Performing Digital by Carlin David; Vaughan Laurene; & Laurene Vaughan

Performing Digital by Carlin David; Vaughan Laurene; & Laurene Vaughan

Author:Carlin, David; Vaughan, Laurene; & Laurene Vaughan
Language: eng
Format: epub
Publisher: Routledge
Published: 2015-02-28T16:00:00+00:00


Figure 8.4 ‘Act explorer’ interface representations

A New Livingness

As cultural institutions make their collections more readily available in a digital form, there is a growing acceptance that simply putting data online is not enough; there needs to be ways that people can engage and be creative with the digital material.33

Working with software as a design material reveals the arbitrary nature of data representation. There is no inherent reason that objects should be in chronological order, that words should be certain places on a screen, that images or videos should be a certain size or position. Aesthetic and functional choices are made by designers based on deeply embedded communication design codes and traditions, assumptions about media literacy and historical echoes of decisions in the development of technology. As tacit design codes are liable to change over time, a ‘living archive’ must be one that allows for new modes of representation.
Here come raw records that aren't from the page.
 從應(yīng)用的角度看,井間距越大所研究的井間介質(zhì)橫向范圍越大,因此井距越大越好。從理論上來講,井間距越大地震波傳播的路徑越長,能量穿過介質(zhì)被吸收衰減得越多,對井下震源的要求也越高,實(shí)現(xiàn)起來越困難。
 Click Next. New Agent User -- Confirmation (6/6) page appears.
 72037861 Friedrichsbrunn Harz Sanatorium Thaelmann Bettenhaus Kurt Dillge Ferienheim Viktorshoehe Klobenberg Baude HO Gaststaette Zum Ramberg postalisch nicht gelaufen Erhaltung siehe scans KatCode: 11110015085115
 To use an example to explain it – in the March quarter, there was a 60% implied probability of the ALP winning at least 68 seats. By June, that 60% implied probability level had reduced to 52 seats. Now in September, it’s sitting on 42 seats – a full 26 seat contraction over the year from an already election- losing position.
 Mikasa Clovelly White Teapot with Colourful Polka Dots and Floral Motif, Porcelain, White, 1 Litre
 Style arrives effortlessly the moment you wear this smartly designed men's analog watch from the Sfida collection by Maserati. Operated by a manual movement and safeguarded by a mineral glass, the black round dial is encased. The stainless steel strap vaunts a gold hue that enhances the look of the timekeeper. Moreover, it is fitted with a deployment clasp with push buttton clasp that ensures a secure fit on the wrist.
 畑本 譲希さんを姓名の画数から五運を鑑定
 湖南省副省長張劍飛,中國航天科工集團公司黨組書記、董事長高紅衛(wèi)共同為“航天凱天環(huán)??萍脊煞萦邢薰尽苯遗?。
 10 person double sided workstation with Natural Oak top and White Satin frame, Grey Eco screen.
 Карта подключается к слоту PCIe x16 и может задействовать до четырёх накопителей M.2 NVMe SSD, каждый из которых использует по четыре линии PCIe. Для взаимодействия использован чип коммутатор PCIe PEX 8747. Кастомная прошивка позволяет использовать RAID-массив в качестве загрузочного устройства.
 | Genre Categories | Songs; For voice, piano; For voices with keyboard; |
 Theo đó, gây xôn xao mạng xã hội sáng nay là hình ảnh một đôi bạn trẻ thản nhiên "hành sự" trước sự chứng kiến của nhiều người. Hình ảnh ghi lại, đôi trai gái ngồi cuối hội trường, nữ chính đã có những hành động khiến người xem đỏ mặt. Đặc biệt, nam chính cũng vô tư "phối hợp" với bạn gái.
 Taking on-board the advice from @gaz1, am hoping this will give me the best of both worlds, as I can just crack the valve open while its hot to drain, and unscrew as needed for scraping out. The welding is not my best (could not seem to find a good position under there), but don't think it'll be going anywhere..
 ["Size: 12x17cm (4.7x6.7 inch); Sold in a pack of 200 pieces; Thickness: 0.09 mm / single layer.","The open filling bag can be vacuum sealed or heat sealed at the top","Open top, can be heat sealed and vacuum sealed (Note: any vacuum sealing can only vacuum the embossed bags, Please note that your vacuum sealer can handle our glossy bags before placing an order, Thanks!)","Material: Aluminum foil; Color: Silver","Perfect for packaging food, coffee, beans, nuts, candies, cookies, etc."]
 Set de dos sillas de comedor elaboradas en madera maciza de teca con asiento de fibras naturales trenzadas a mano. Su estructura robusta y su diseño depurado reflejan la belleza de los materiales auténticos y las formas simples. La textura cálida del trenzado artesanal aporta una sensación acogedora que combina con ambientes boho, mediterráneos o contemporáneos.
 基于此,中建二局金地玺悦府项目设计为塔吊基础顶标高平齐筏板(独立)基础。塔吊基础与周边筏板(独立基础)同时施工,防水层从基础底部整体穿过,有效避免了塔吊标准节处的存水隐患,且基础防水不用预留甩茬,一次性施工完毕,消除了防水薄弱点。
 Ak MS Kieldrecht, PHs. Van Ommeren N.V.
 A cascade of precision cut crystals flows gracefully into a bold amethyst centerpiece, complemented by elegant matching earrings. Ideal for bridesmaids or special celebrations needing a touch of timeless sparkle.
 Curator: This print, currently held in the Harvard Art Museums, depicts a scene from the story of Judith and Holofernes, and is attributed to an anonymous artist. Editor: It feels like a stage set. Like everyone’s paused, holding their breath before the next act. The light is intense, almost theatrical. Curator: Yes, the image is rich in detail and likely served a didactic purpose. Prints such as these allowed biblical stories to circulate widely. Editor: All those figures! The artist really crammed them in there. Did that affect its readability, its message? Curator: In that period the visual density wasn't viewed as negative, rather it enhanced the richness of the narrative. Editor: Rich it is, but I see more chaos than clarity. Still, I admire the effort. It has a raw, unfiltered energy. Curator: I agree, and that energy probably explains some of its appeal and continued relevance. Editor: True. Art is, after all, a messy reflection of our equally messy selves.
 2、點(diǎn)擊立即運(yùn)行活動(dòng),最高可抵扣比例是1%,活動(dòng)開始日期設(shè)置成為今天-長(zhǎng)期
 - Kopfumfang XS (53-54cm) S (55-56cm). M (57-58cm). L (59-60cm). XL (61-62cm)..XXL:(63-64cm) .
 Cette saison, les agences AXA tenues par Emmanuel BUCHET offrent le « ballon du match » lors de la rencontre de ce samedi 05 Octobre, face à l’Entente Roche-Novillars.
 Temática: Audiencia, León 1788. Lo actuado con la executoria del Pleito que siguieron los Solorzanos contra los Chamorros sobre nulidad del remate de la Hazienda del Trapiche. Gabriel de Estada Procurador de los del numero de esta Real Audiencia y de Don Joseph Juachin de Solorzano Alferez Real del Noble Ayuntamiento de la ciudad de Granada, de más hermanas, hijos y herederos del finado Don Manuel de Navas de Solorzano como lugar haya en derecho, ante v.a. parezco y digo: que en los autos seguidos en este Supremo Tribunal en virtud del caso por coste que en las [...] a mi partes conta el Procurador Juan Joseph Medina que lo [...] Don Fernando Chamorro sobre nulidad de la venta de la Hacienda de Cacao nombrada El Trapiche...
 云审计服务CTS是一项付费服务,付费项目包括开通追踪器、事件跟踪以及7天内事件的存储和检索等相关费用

When software is regarded as material, rather than simply a substrate on which ‘other’ design work is performed, we can recognise software as a ‘mediating artefact’, in that it actively shapes the subjectivity and objectivity of the ways in which the archive can present itself to us. A design practice that recognises software as providing ‘back-talk’ from material encourages new ways of representing the archive – ways that could serve as critiques of how archives are traditionally presented and used within our current cultural context.

Here we arrive at what may be a new definition of ‘livingness’, connecting the initial concept of a ‘living archive’ – an archive that can be added to and shared – with the fact that archives are software. For the archive to be ‘living’ through design, the archive must provide a framework within which design experimentation (via acts of representation and recontextualisation) are both possible and encouraged. The digital archive must be more than a storage, retrieval and search mechanism for archival records; it must be a platform that enables these records to be represented and re-presented. An archive that can be added to, not just in terms of ‘content’, but also in terms of possible representations and interactions – archives as platforms for design representations.